North Korea could cripple the United States by blowing up satellites, military expert claims

June 10, 2017
| Report Focus News

NORTH Korea could be secretly building nukes that could explode in the sky and emit pulses that could down airliners and knockout electricity and communications.  

The explosive claim has been made by at top defence expert who believes the high-altitude weapon could inflict “catastrophic” damage.

Ex-Director of the US Strategic Defence initiative Henry F Cooper said a nuclear bomb could be detonated 40 miles up in the sky and hundreds of miles from the intended target.

It is feared a recent North Korean missile test that appeared to fail by exploding mid-air was actually a trial run for the air-burst nuke.

A electromagnetic pulse (EMP) would then be emitted from the nuclear explosion, wreaking havoc on the ground, in the air and even in space.
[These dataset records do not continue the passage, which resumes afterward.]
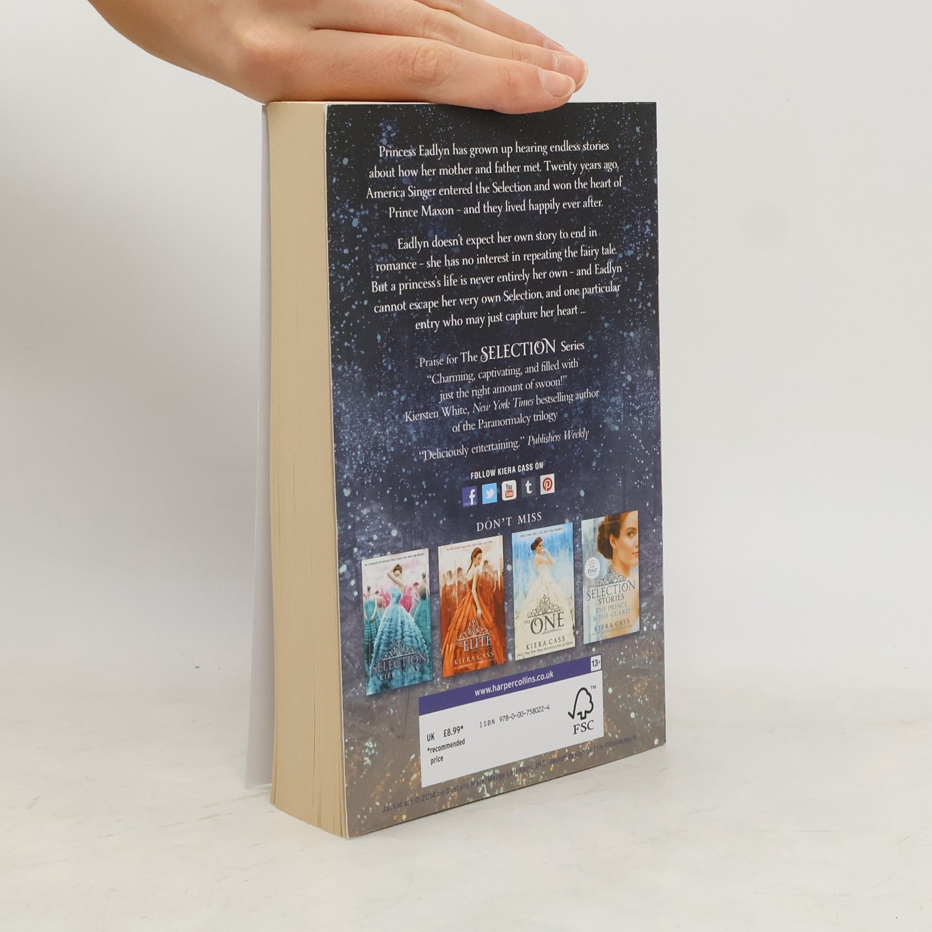 Kiera Cass's #1 New York Times bestselling Selection series has enchanted readers from the very first page. In this fourth romantic novel, follow Illea's royal family into a whole new Selection-and find out what happens after happily ever after. Eighteen years ago, America Singer entered the Selection and won Prince Maxon's heart. Now the time has come for Princess Eadlyn to hold a Selection of her own. Eadlyn doesn't expect her Selection to be anything like her parents' fairy-tale love story...but as the competition begins, she may discover that finding her own happily ever after isn't as impossible as she's always thought. A new generation of swoonworthy characters and captivating romance awaits in the fourth book of the Selection series!
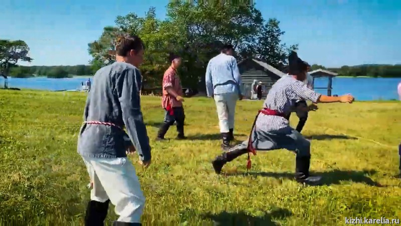 Сейчас, как и полтора века назад, в схватке за кижские тони сошлись мужики Кижского и Сенногубского приходов, роли которых исполнили сотрудники музея «Кижи», представители Российской федерации килы и бойцы Росгвардии.
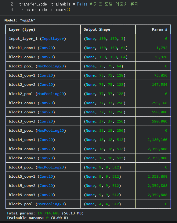 Non-trainable params: 14,714,688 (56.13 MB)
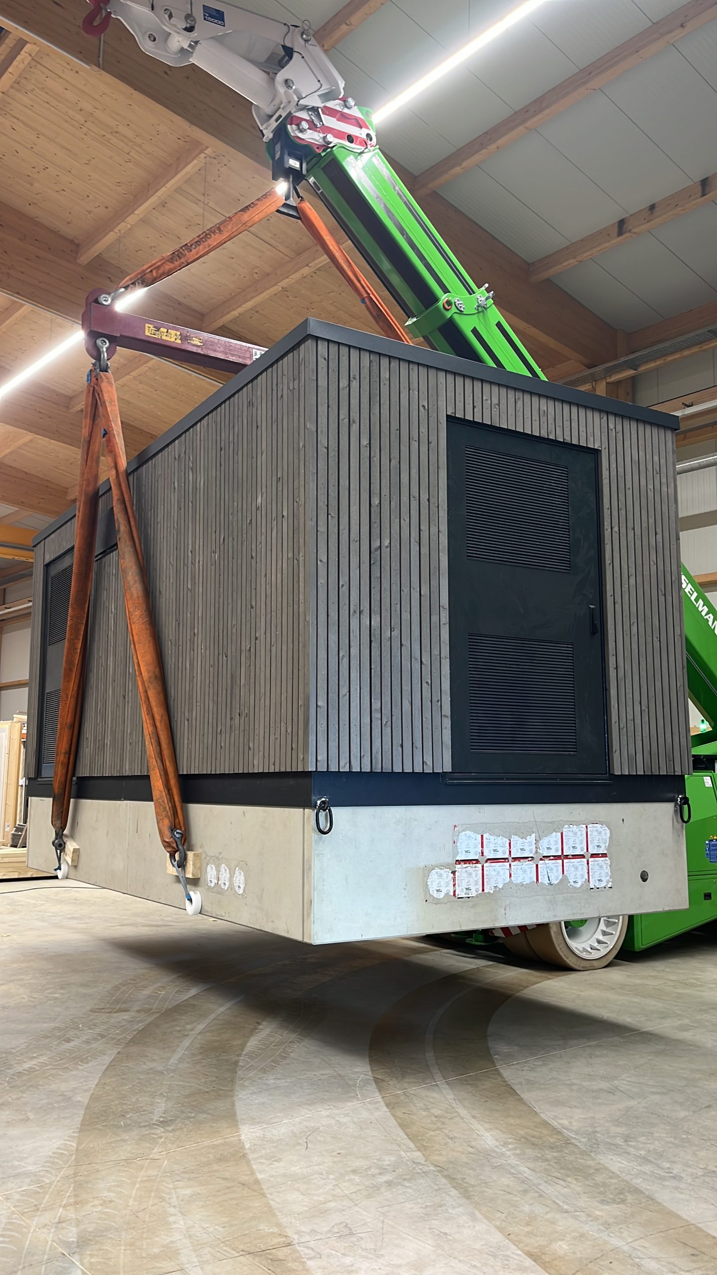 KAMBI-Station 3m x 6m mit Schaltraum und Traforaum bei der Verladung
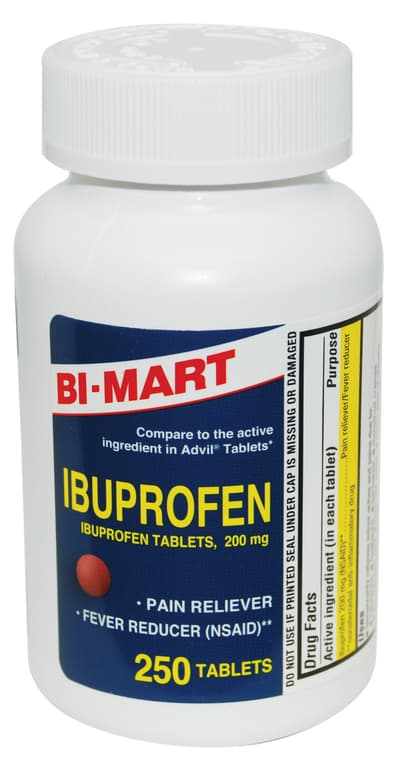 Bi-Mart Ibuprofen temporarily relieves minor aches and pains due to: backache, headache, menstrual cramps, minor pain of arthritis, muscular aches, the common cold and toothache. It temporarily reduces pain and feveSpecifications
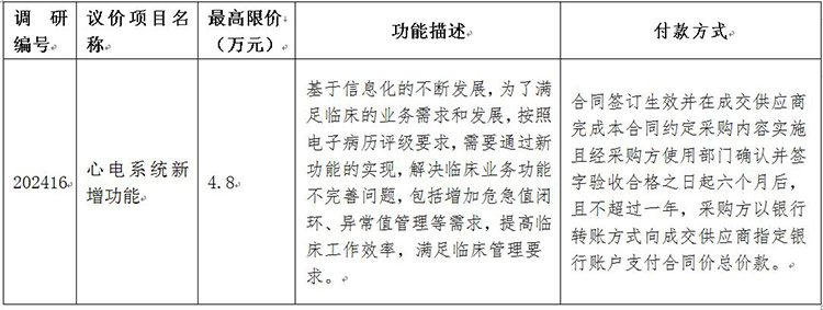 为充分调研市场供给及使用情况,我院拟对下列信息化项目进行市场调研,欢迎能提供此产品的厂家或经销商参与调研。

Writing in a report, Mr Cooper said: “Detonation at that altitude of a nuclear warhead with a yield of 10 to 20 kilotons—similar to those tested by North Korea—would produce major EMP effects and inflict catastrophic damage to unhardened electronics across hundreds of miles of surface territory.

kim jong un | Report Focus News

“It is a myth that large yield nuclear weapons of hundreds of kilotons are required to produce such effects.”
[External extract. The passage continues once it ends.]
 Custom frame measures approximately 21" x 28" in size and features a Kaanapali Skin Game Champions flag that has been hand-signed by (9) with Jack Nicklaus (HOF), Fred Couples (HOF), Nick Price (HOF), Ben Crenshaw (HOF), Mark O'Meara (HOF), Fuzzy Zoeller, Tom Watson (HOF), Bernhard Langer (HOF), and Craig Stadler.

He pointed to the time in 1962 when the US detonated nuclear warhead 900 miles southwest of Hawaii.

The high-altitude nuke “destroyed hundreds of street lights in Honolulu, caused electrical surges on air-planes in the area and damaged at least six satellites”

Russian generals reported back in 2004 that North Korea has in its possession the designs for these so-called “super EMP nuclear weapons,” Mr Cooper says.

While nuclear warlord wannabe Kim Jong-un is far from launching a viable EMP attack on the US or South Korea, an air-burst EMP may be a more realistic option for Pyongyang.

This is because there is little need for accuracy.